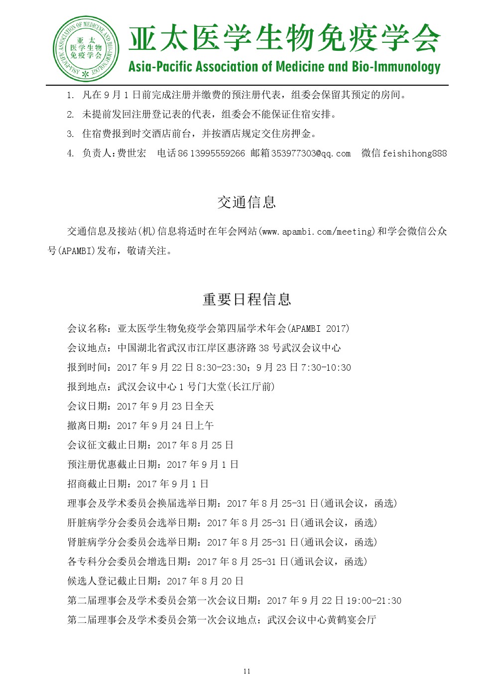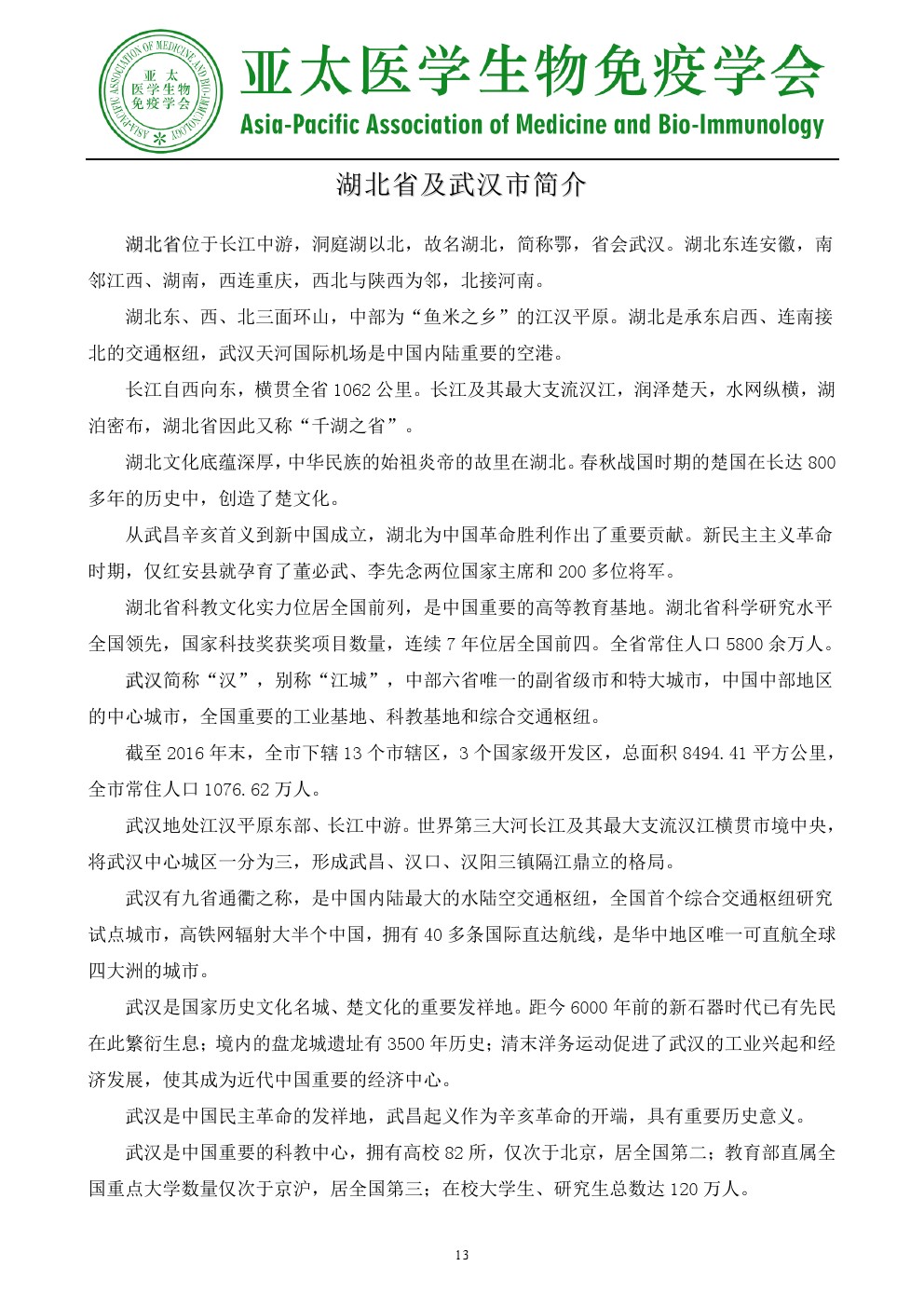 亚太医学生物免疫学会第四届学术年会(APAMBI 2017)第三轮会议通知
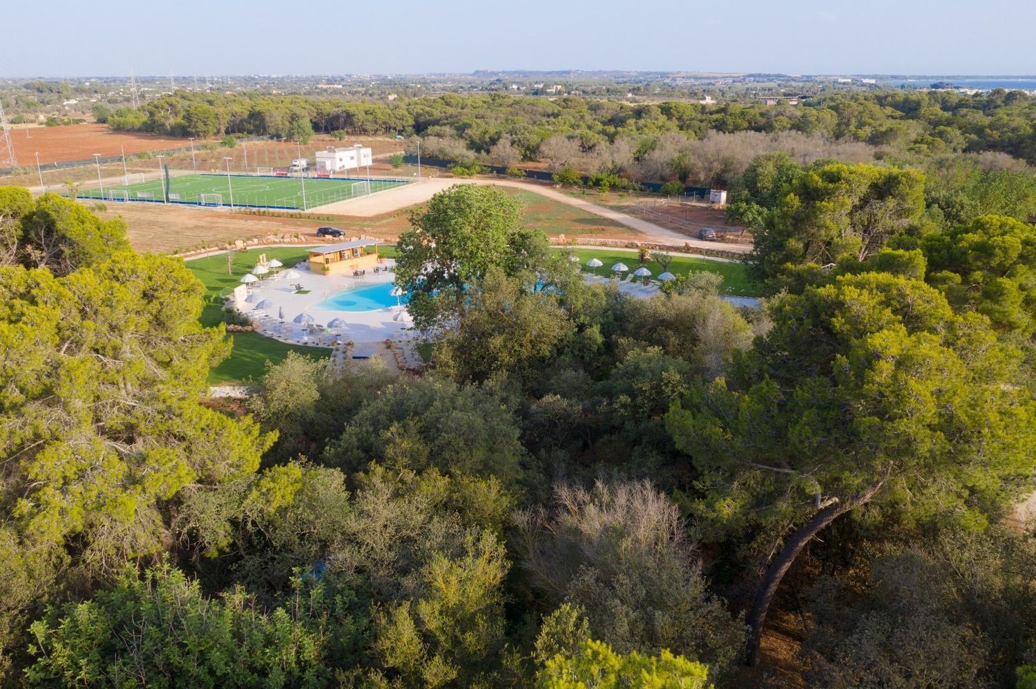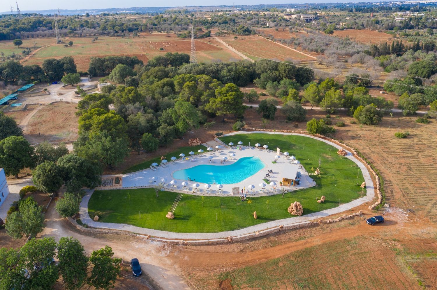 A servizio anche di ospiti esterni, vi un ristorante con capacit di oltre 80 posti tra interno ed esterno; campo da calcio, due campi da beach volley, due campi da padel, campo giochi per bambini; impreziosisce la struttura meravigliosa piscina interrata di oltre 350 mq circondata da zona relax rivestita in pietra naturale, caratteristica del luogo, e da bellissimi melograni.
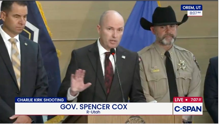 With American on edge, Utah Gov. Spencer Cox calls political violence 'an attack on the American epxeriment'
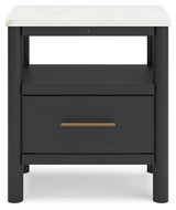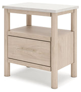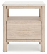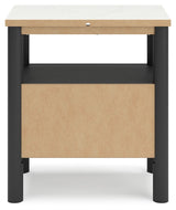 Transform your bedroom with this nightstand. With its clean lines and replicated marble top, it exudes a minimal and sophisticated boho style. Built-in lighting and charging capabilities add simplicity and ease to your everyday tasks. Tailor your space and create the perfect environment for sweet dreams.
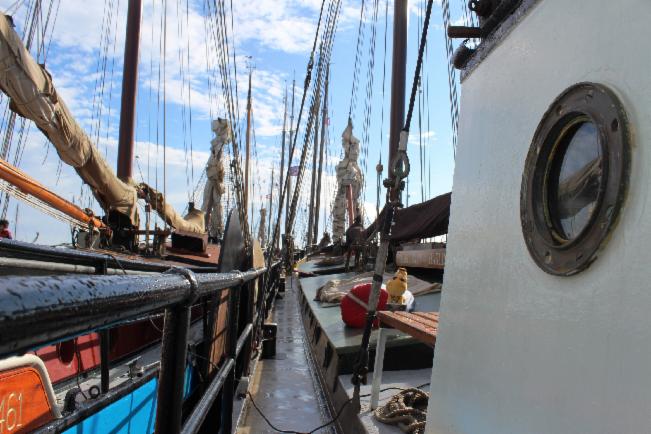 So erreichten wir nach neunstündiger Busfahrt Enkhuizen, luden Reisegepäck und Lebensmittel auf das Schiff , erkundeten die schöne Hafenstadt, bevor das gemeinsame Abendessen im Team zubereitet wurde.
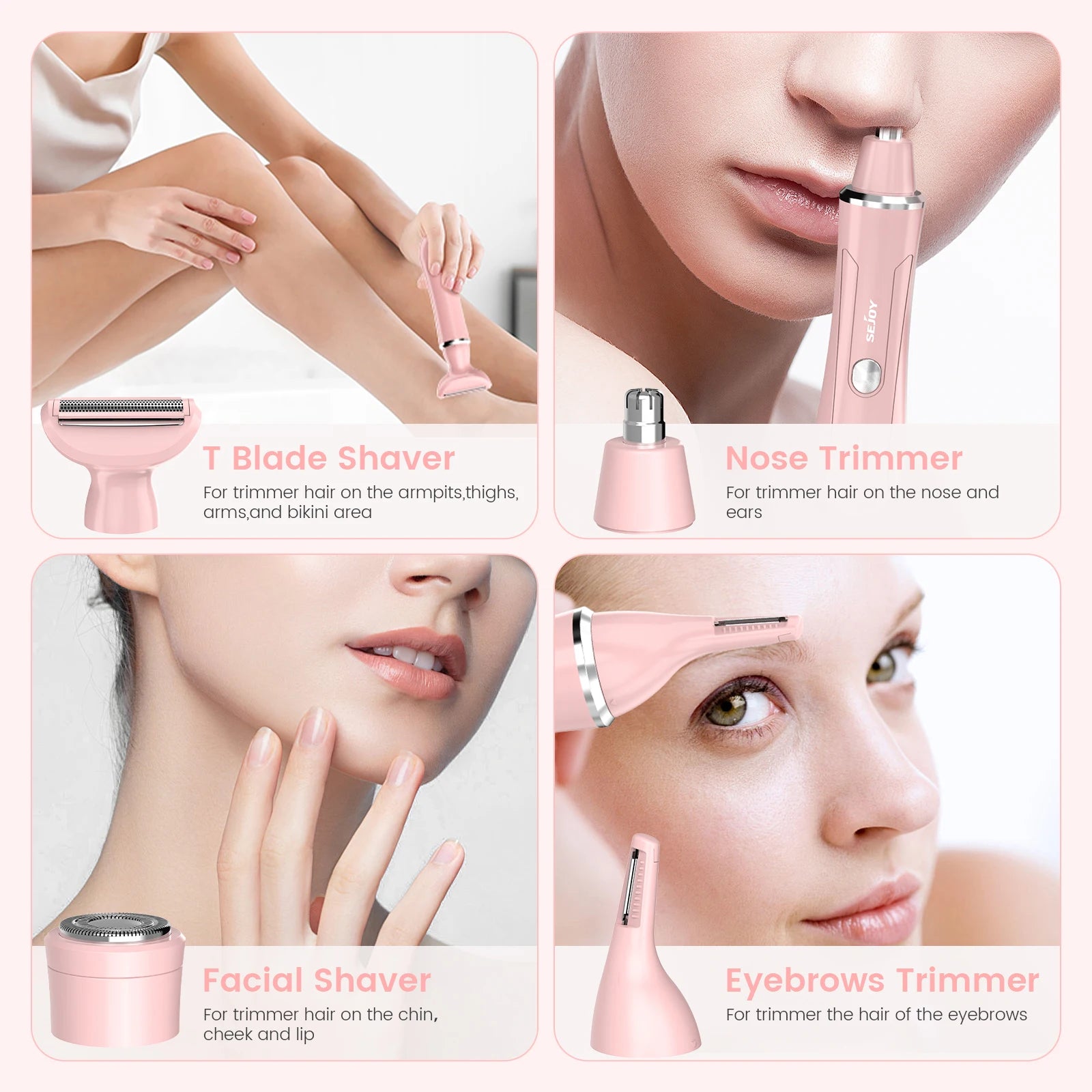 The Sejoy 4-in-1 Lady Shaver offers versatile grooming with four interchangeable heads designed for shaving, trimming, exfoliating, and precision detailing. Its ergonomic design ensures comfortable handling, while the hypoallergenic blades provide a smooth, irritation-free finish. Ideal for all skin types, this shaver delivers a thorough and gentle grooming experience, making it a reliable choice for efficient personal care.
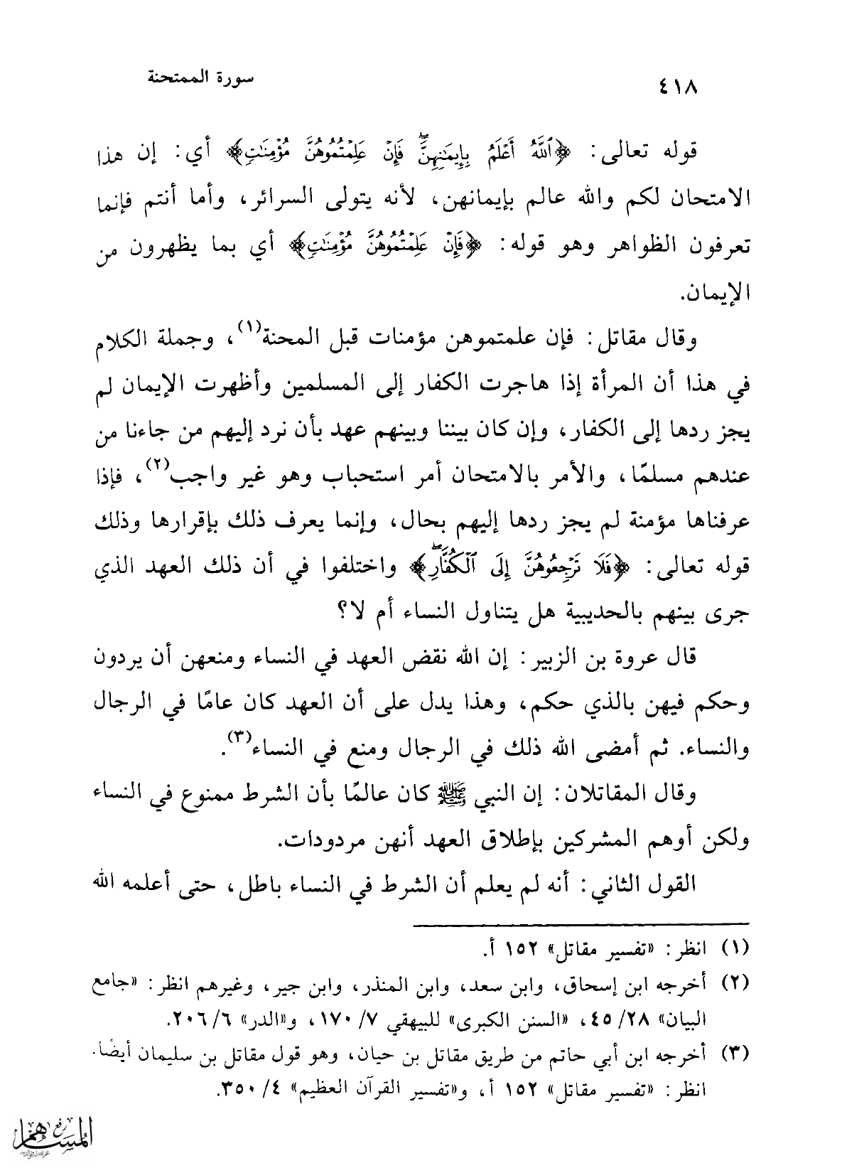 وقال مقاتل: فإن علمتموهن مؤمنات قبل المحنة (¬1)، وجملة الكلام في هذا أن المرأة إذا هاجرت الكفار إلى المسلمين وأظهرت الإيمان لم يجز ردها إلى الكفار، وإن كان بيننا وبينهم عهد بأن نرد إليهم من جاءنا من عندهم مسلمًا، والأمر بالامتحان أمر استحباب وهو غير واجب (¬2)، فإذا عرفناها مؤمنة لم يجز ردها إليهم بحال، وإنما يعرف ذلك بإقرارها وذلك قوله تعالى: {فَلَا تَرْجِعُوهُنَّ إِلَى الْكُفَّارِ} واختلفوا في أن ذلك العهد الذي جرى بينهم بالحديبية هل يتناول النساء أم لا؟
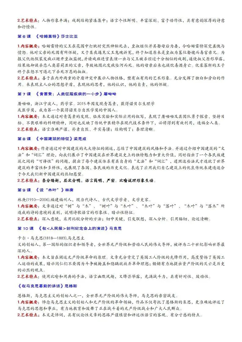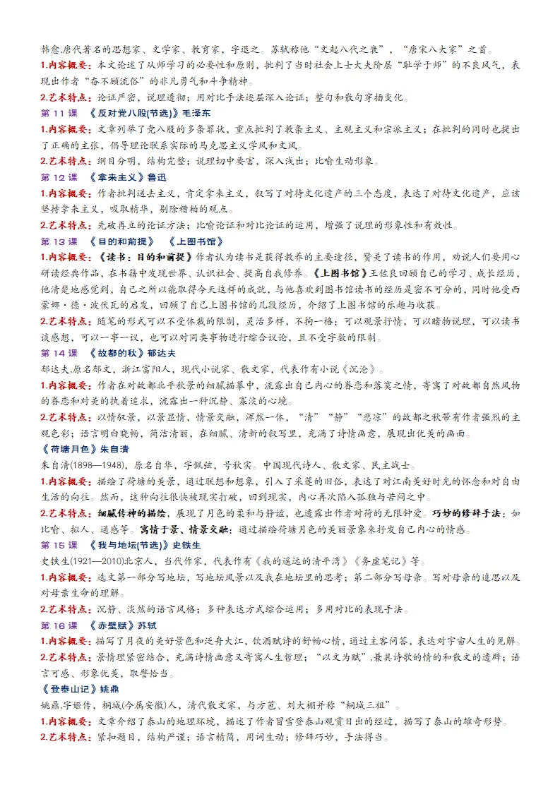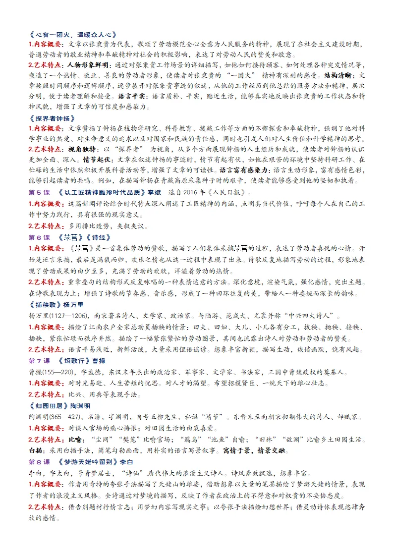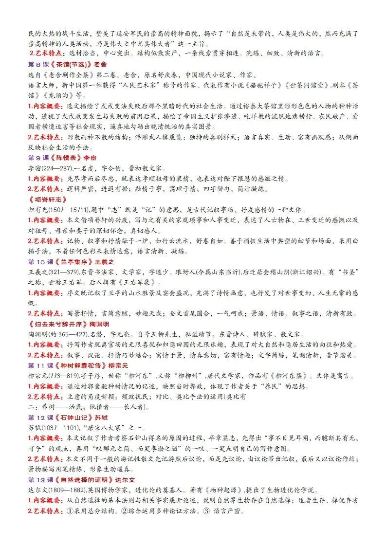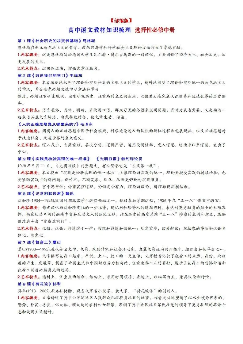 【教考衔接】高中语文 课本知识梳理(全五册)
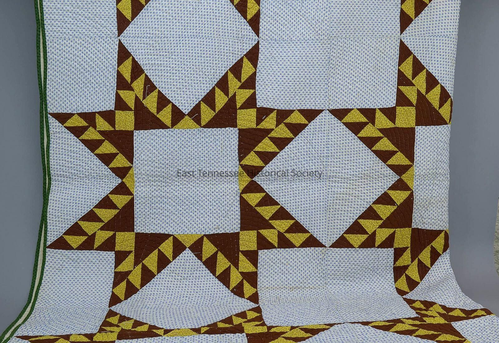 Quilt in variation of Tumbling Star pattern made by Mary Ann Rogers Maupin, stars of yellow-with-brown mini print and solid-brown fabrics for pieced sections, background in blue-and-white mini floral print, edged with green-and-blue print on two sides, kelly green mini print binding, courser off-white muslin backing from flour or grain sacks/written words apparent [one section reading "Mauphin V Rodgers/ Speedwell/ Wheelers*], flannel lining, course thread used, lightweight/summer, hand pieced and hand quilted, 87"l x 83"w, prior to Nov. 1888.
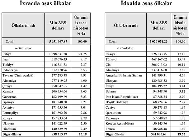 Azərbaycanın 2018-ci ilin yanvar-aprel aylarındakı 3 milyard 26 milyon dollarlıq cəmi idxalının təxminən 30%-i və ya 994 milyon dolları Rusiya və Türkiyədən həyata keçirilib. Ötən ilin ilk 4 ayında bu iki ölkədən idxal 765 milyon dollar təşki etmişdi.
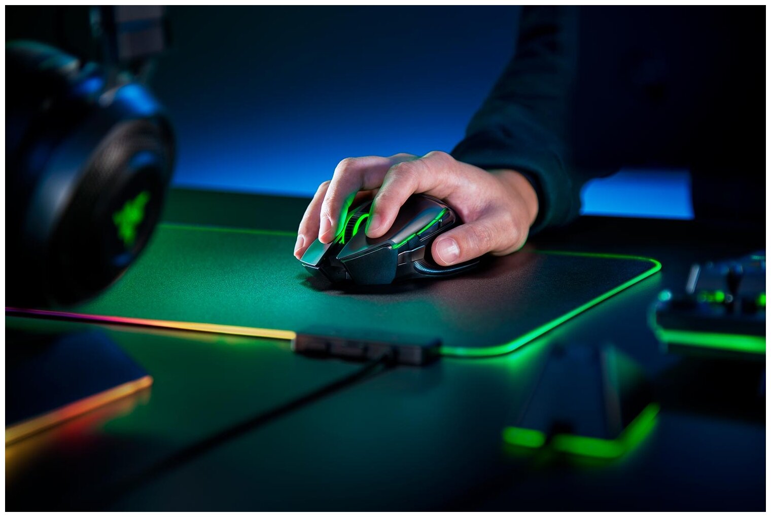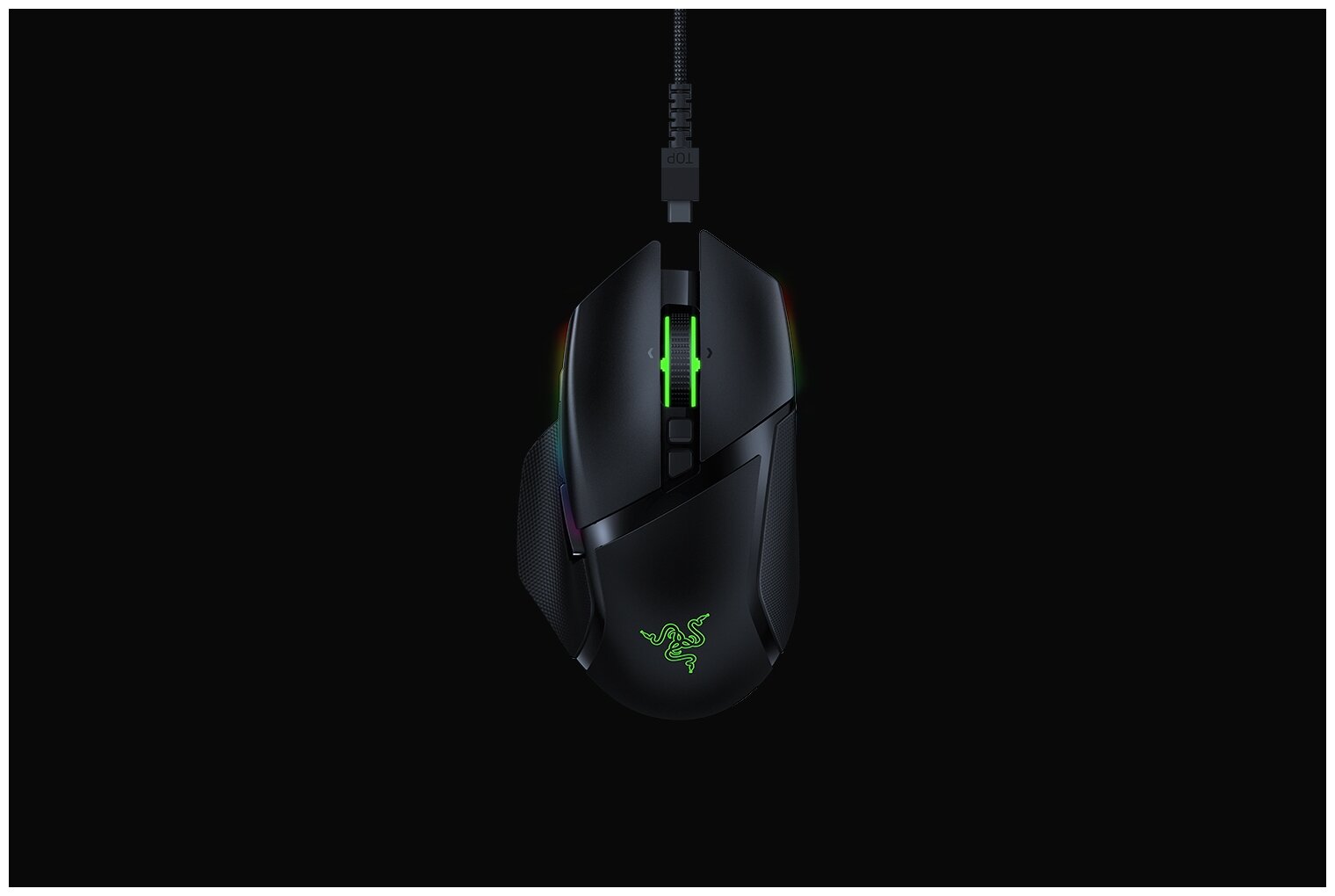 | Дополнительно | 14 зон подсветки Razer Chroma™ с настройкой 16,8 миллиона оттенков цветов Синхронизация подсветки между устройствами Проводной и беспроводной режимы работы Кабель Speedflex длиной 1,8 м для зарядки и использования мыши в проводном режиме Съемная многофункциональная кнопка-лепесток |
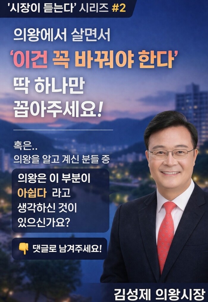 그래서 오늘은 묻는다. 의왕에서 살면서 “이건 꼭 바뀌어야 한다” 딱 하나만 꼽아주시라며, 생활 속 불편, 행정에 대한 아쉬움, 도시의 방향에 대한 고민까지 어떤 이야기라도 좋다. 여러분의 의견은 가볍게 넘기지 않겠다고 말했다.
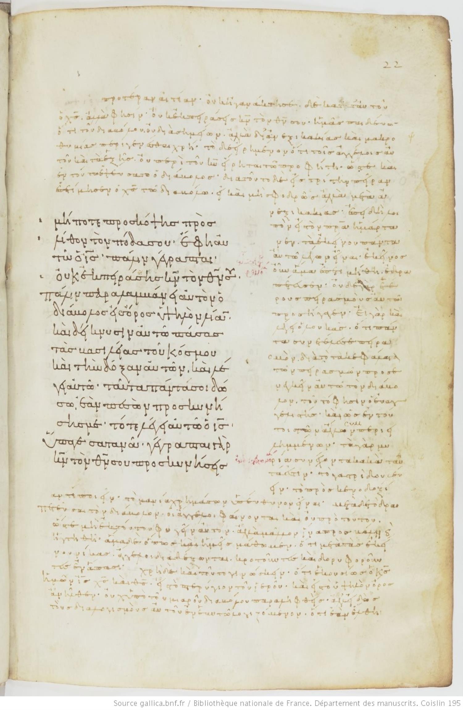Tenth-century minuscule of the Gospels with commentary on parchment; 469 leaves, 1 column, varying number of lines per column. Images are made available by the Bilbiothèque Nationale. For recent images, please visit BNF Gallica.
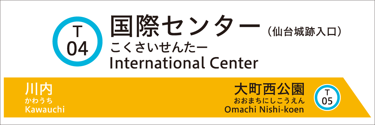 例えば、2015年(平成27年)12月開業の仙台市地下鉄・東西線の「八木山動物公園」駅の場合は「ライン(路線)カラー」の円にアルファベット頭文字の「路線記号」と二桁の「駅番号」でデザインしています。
________________________________________
Among the lines above, the one with "So erreichten wir" opens the part to repeat and the one with "The Sejoy 4-in-1" closes it; repeat only that part exactly, with no pictures.

 So erreichten wir nach neunstündiger Busfahrt Enkhuizen, luden Reisegepäck und Lebensmittel auf das Schiff , erkundeten die schöne Hafenstadt, bevor das gemeinsame Abendessen im Team zubereitet wurde.
 The Sejoy 4-in-1 Lady Shaver offers versatile grooming with four interchangeable heads designed for shaving, trimming, exfoliating, and precision detailing. Its ergonomic design ensures comfortable handling, while the hypoallergenic blades provide a smooth, irritation-free finish. Ideal for all skin types, this shaver delivers a thorough and gentle grooming experience, making it a reliable choice for efficient personal care.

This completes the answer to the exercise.